## Stored items
*** Begin section ***
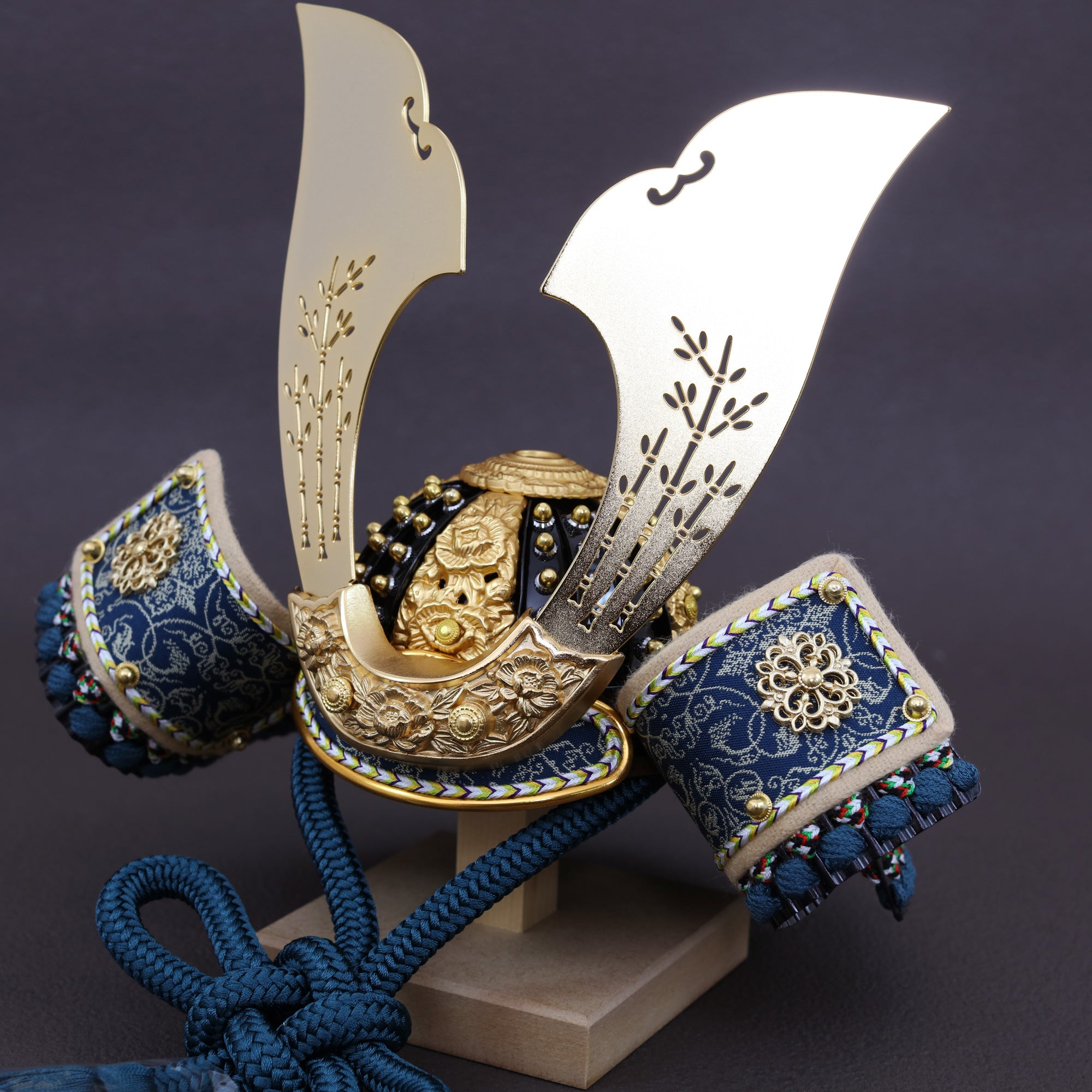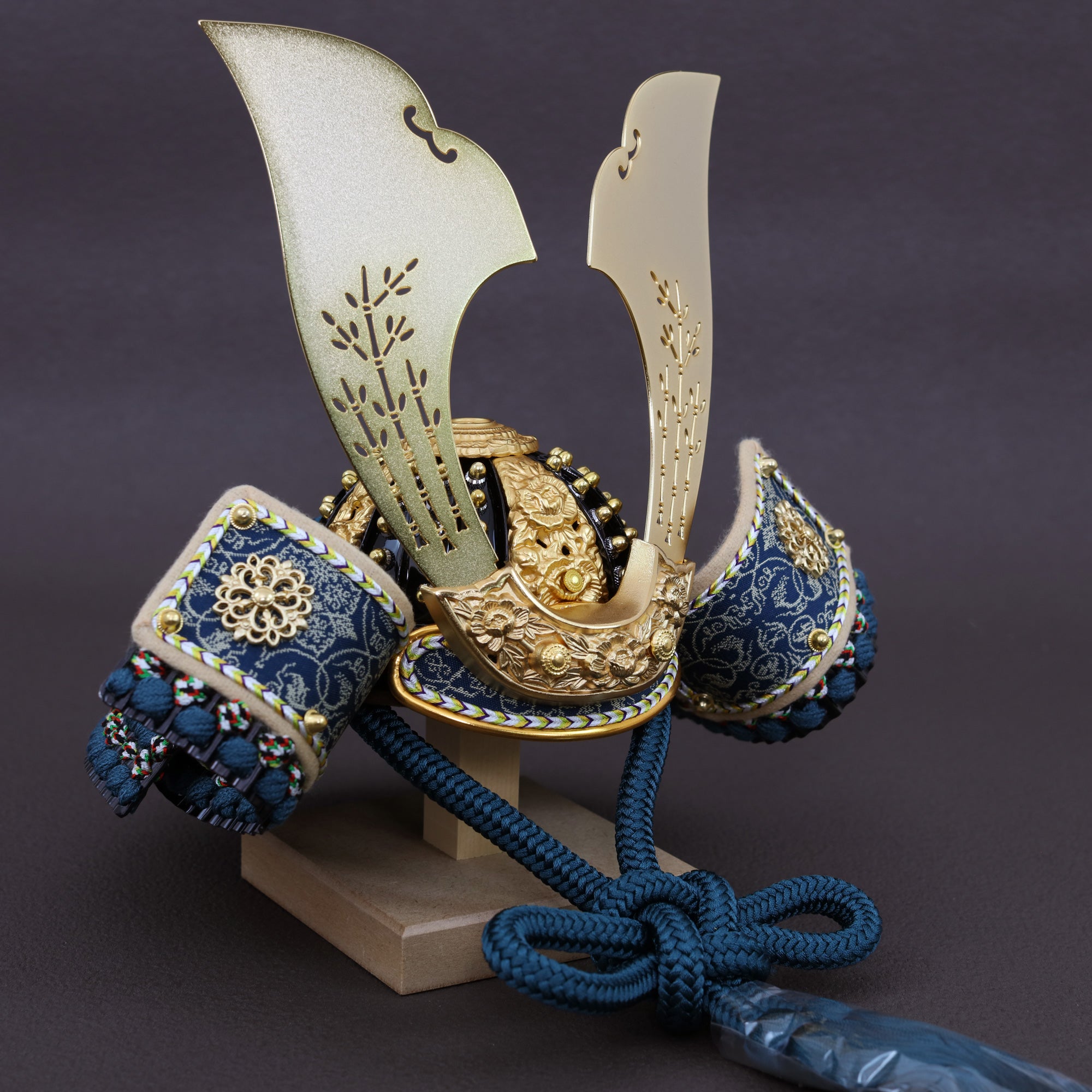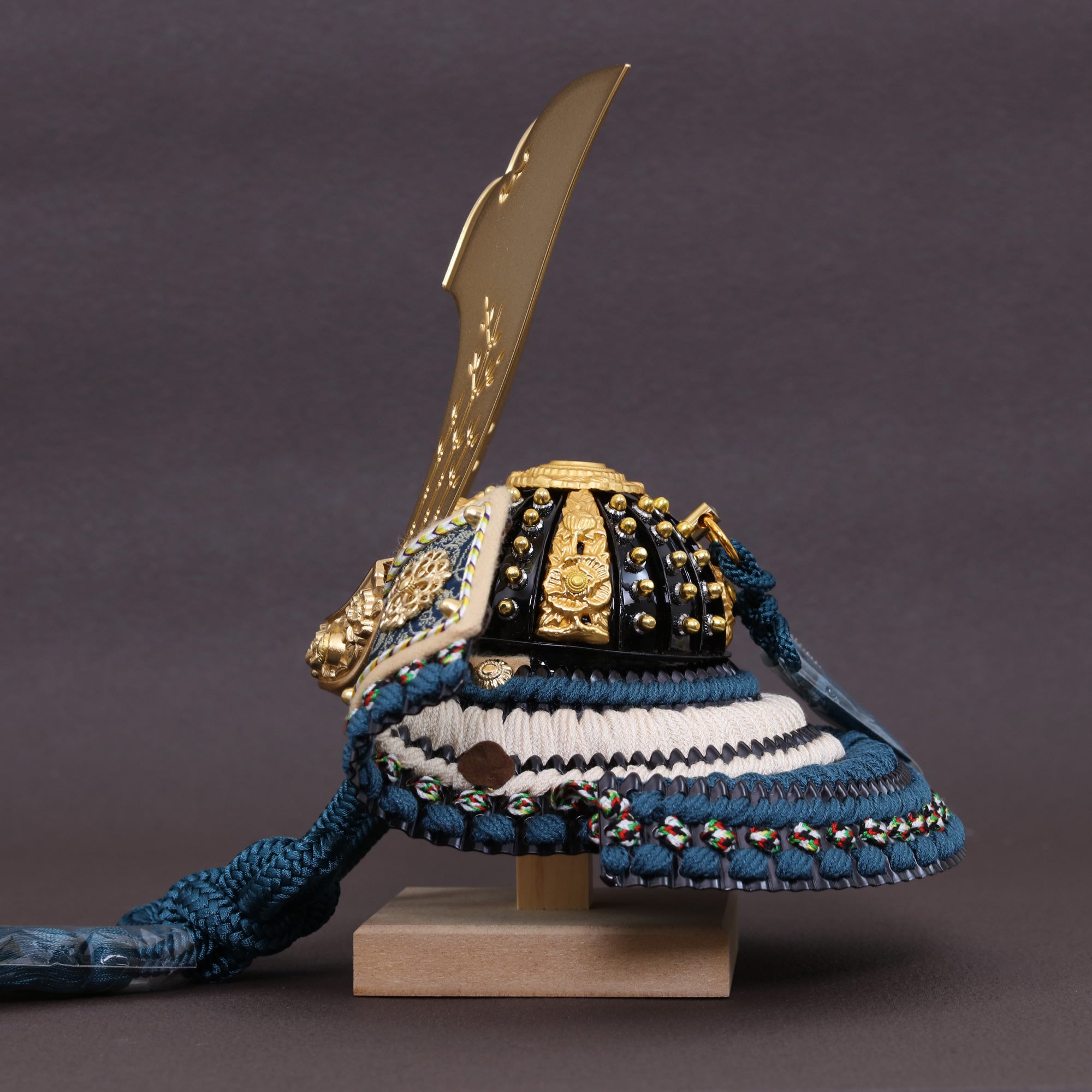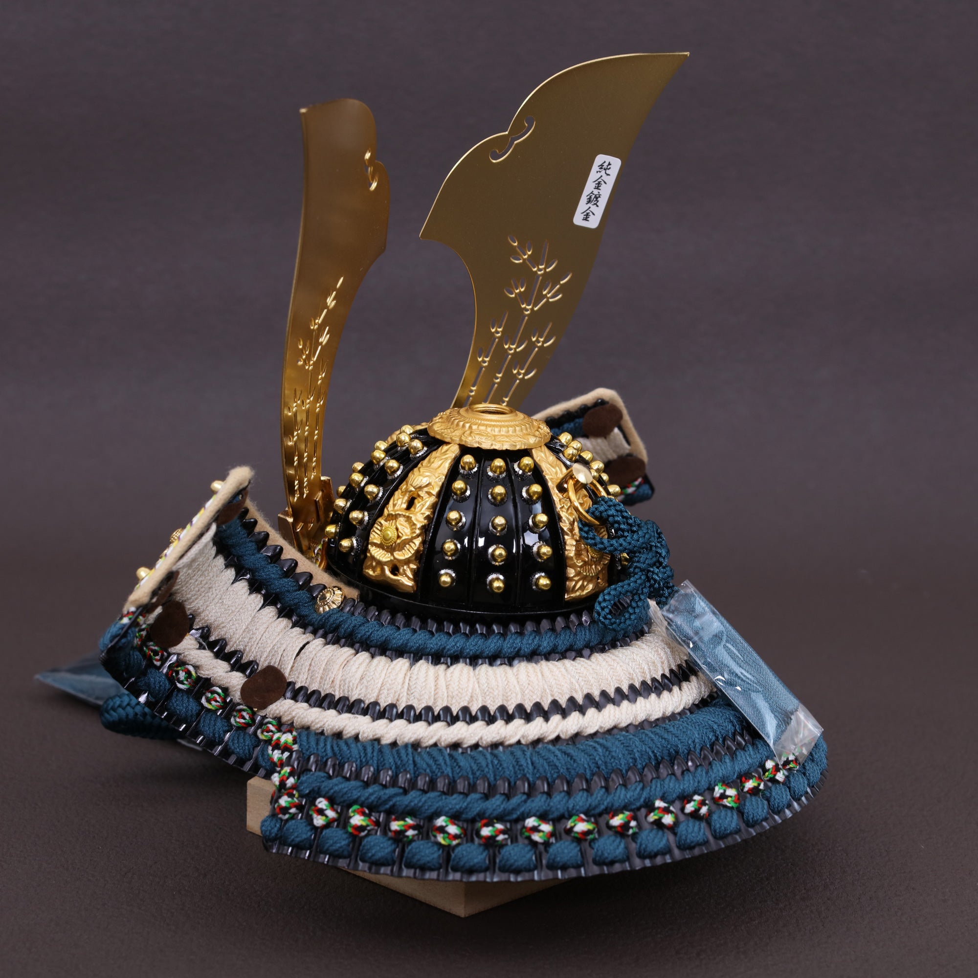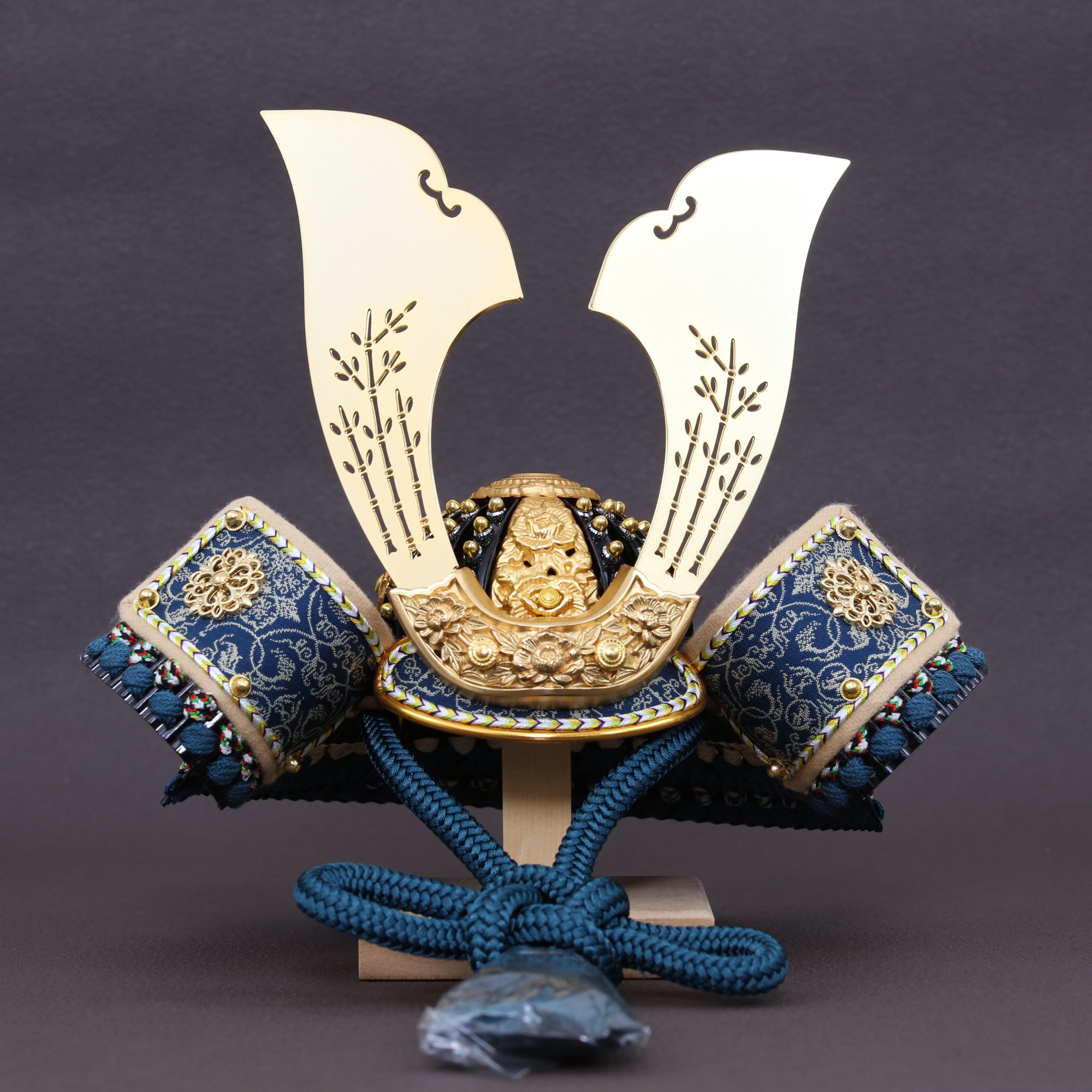 深い青緑の装いと金具の煌めきに寄り添い、上品で洗練された存在感を放つ鍬形です。
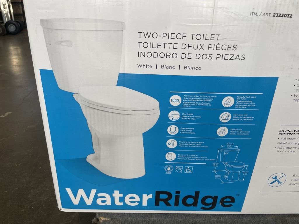 AS NEW WATER RIDGE TWO PIECE TOILET
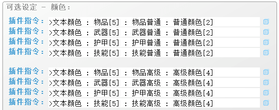 | 注意修改文本颜色的插件指令中,有两个“普通”;两个“高级”哦。修改指令时,容易看漏文本。 |
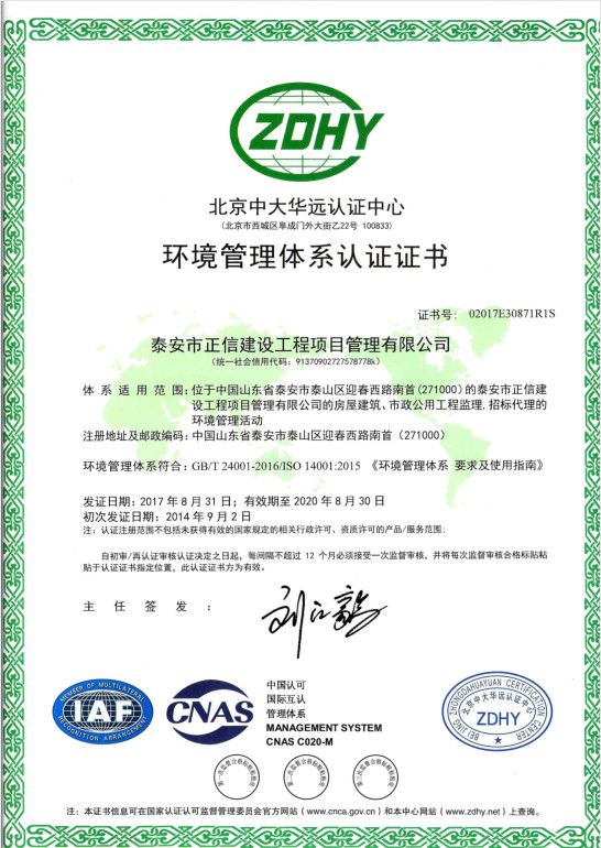 環境管理體系認證證書
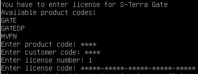 Шаг 4: Далее запрашивается лицензионная информация на модуль С-Терра Шлюз, с которым интегрирован С-Терра TLS Шлюз (лицензионные данные приведены в «Лицензии на использование ПК «С-Терра Шлюз ST. Версия 4.3» производства ООО «С-Терра СиЭсПи», входящей в комплект поставки).
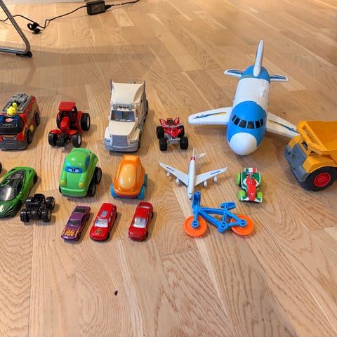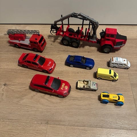 lekebiler bestående av flere små kjøretøy inkludert en brannbil. Alle fungerer som de skal.
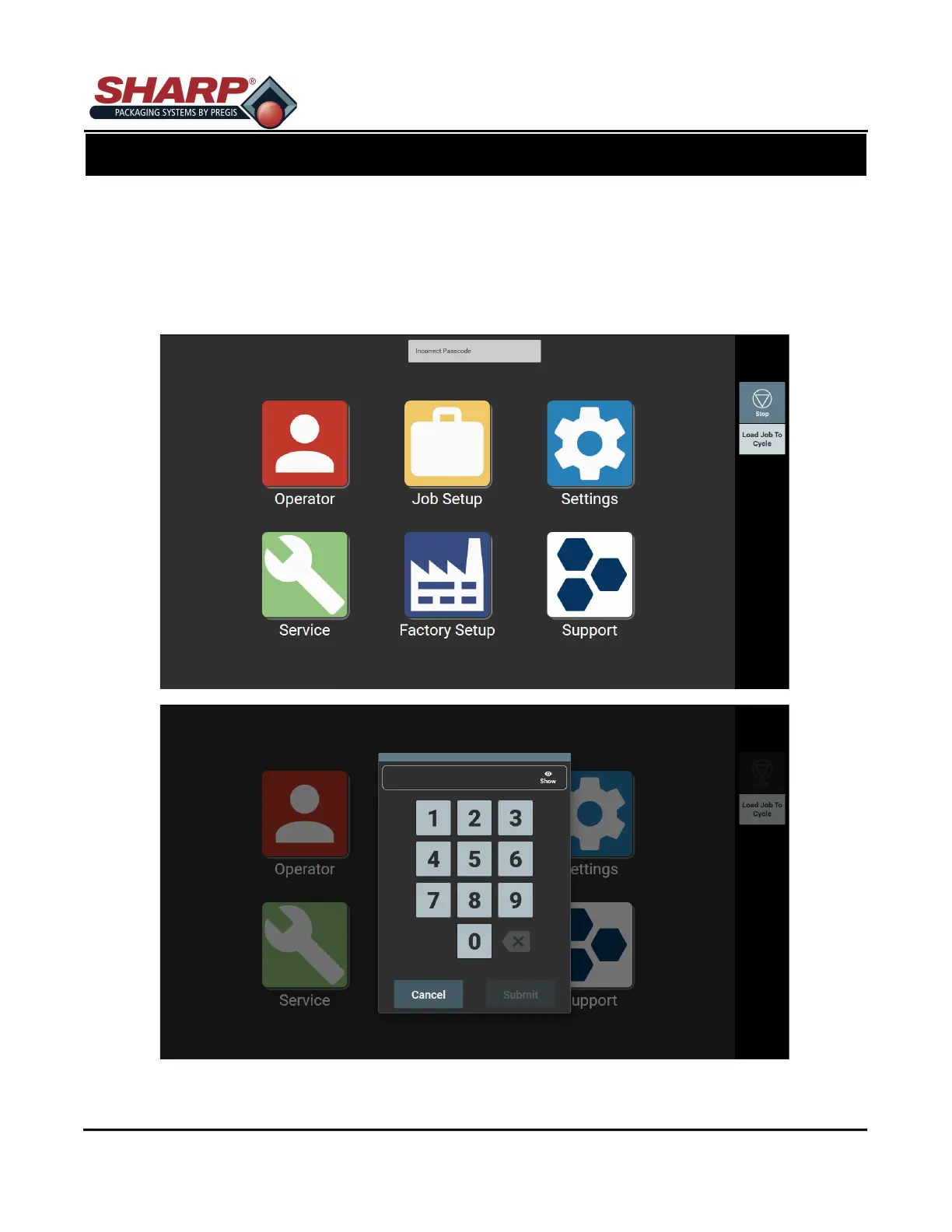 The ‘Operator’ and ‘Support’ icons are not password protected.
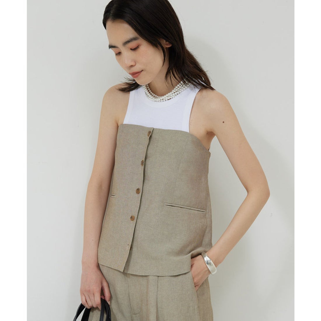 全体的にトーンを抑えた優しい雰囲気が特徴で、リラックス感のあるスタイルと好相性。
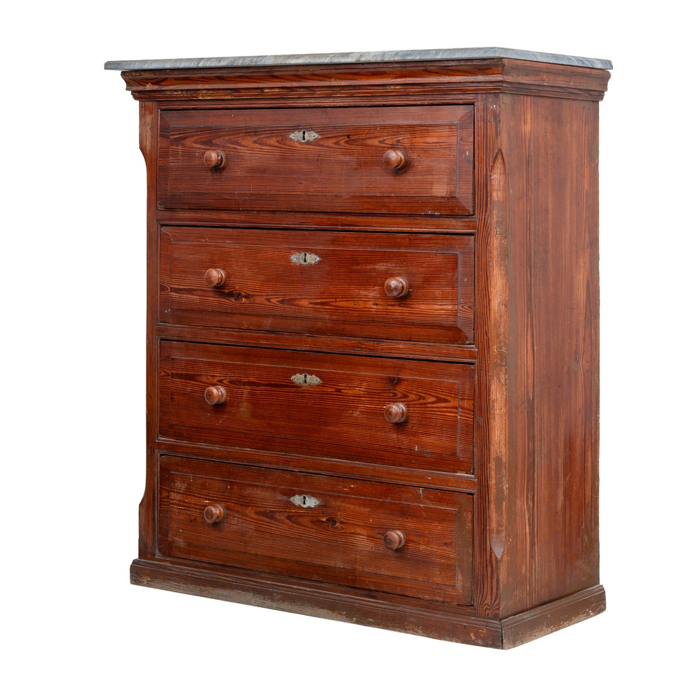 Piccolo cassettone a quattro cassetti in pino pece, piano in marmo grigio venato.
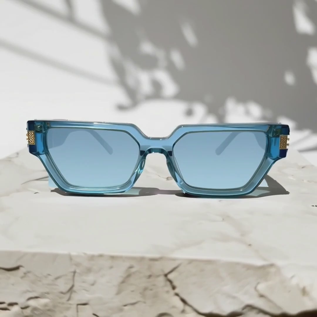 A bold rectangle frame in crystal-blue acetate with golden accents and textured temples. Sleek, geometric lines make it a statement piece from day to dusk.
*** End section ***
## What you should do
None of the pictures should be copied, but every record above must be restated in full.

## Result for this task
 深い青緑の装いと金具の煌めきに寄り添い、上品で洗練された存在感を放つ鍬形です。
 AS NEW WATER RIDGE TWO PIECE TOILET
 | 注意修改文本颜色的插件指令中,有两个“普通”;两个“高级”哦。修改指令时,容易看漏文本。 |
 環境管理體系認證證書
 Шаг 4: Далее запрашивается лицензионная информация на модуль С-Терра Шлюз, с которым интегрирован С-Терра TLS Шлюз (лицензионные данные приведены в «Лицензии на использование ПК «С-Терра Шлюз ST. Версия 4.3» производства ООО «С-Терра СиЭсПи», входящей в комплект поставки).
 lekebiler bestående av flere små kjøretøy inkludert en brannbil. Alle fungerer som de skal.
 The ‘Operator’ and ‘Support’ icons are not password protected.
 全体的にトーンを抑えた優しい雰囲気が特徴で、リラックス感のあるスタイルと好相性。
 Piccolo cassettone a quattro cassetti in pino pece, piano in marmo grigio venato.
 A bold rectangle frame in crystal-blue acetate with golden accents and textured temples. Sleek, geometric lines make it a statement piece from day to dusk.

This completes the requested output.